Walgreens Boots Alliance Inc. yesterday scrapped its plans to buy Rite Aid in its entirety and sell stores to Fred’s. It has opted instead to purchase 2,186 Rite Aid stores —a little less than half of the number operated by the Pennsylvania-based chain. The new deal supersedes the agreement to divest certain stores to Fred’s that was announced in December. Fred’s will receive $25 million for expenses associated with the terminated transaction.

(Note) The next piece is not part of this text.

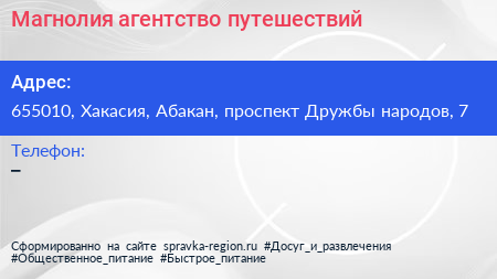 Магнолия, агентство путешествий по адресу 655010, Хакасия, Абакан, проспект Дружбы народов, 7 в дальнейшем Организация, размещена в следующих категориях: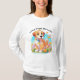 Una camiseta de manga larga con la foto de un cachorro adorable sentado entre las flores. Se ve muy feliz de estar rodeado de flores y mariposas. El regalo perfecto para dar a los que aman los perros perritos. El eslogan es 'Palas pequeñas, gran amor'. Contiene contenido generativo.

Bloom added, “Our leadership team continues to deliver on its promise to optimize our business model and execute our health care strategy. We are capitalizing on opportunities to increase prescription comps in retail pharmacy, growing sales in specialty pharmacy and driving traffic into our front store. We also continue to optimize our store fleet, upgrade our talent, technology, supply chain and business processes. Our transformation is on track.”

A day before the merger’s collapse, Fred’s announced that its board had adopted a short-term shareholder rights plan amid “increased trading activity” related to its involvement in the deal.

The company said the plan would reduce the probability of any entity gaining control of it through open market purchases, and did not come in response to any specific takeover bid or other proposal to acquire control. The plan, also known as a “poison pill,” has a trigger of 10% and expires on Sept. 25.